Амти стянула у Яуди кусок зефира, медленно прожевала, чувствуя от сладости острую боль в зубах.
- Но ты ведь пошла сюда за человеком, которого любишь. Как бы он ни был плох, ты пошла за ним в это место. Ты, конечно, знатная трусиха, но куда больше ты боишься воображаемых вещей, чем реальных.
Амти посмотрела на Яуди. Огонь чуть притих, и теперь Амти видела тени за ее спиной. Неожиданный порыв заставил их обеих одновременно податься друг к другу. Они обнялись, чувствуя живое тепло, так сильно отличающееся от тепла огня. Некоторое время они сидели молча, благодарные друг другу за то, что могли рассказать.
Амти никогда не думала, что могла бы рассказать кому-то о чувствах, которые переживала с Шацаром. Эта тема казалась ей постыдной, запретной. И теперь ей стало так легко и свободно.
День наступил совершенно неожиданно. Яуди и Амти молча обнимались, и вдруг разом стало светло. Глаза тут же заслезились от света, Амти и Яуди отскочили друг от друга, зажмурившись.
Никакого рассвета не было и в помине. Резко, будто кто-то включил свет, зажглось небо. Тени исчезли, и они оказались в лесу, больше не производившем никакого дурного впечатления.
Пора было гасить костер. Амти осторожно погладила Эли по голове, и она открыла глаза.
- Чувствую! Все еще чувствую! - сказала она. - Супер. Доброе утро! Где мой завтрак?
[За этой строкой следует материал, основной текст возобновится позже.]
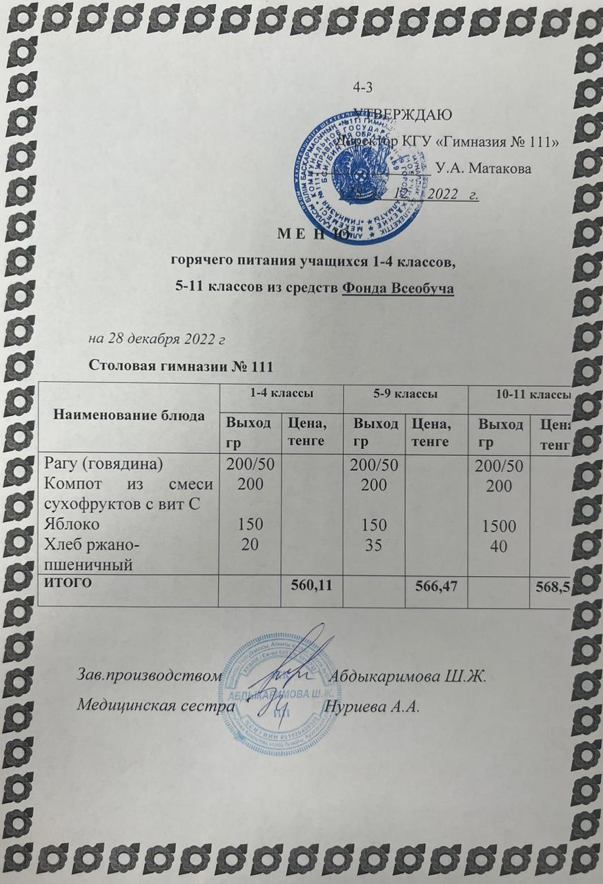 КГУ «Гимназия №111» Управления образования г.Алматы

Завтрак их состоял из пресловутых зефирок, чипсов, бульонных кубиков, разведенных в кружках и соленых крэкеров в виде рыбок. Мардих с достоинством клевал предложенные ему крошки.
- Какие у нас планы? - спрашивал он.
- Двинемся дальше, - ответила Амти. - Думаю, пройдем через лес. Шацар сказал, что долго задерживаться на одном месте не стоит. А я попытаюсь сосредоточиться и почувствовать, в какую сторону нам идти.
- А как же ужас, которому нет имени? - с интересом спросил Мардих.
- Будем запасаться топливом, - ответила Яуди. - Если только он не может потушить огонь, это не должно стать большой проблемой.
Яуди, конечно, преуменьшала масштаб опасности, которую все они ощущали ночью. Самым сложным было вовсе не поддерживать огонь. Самым сложным было сохранить разум.
Но сейчас от ночи не осталось и следа, и они болтали, завтракая. Амти чувствовала себя, будто в походе с друзьями. Шацар, Амти знала, забылся кратким и беспокойным сном. Ей хотелось успокоить его, но она не знала, как сделать это, не потревожив.
Мардих рассказывал им о временах своей молодости, когда ему не приходилось довольствоваться крошками со стола. Амти предполагала, что он врал. Быть может, он никогда и не служил советником царя.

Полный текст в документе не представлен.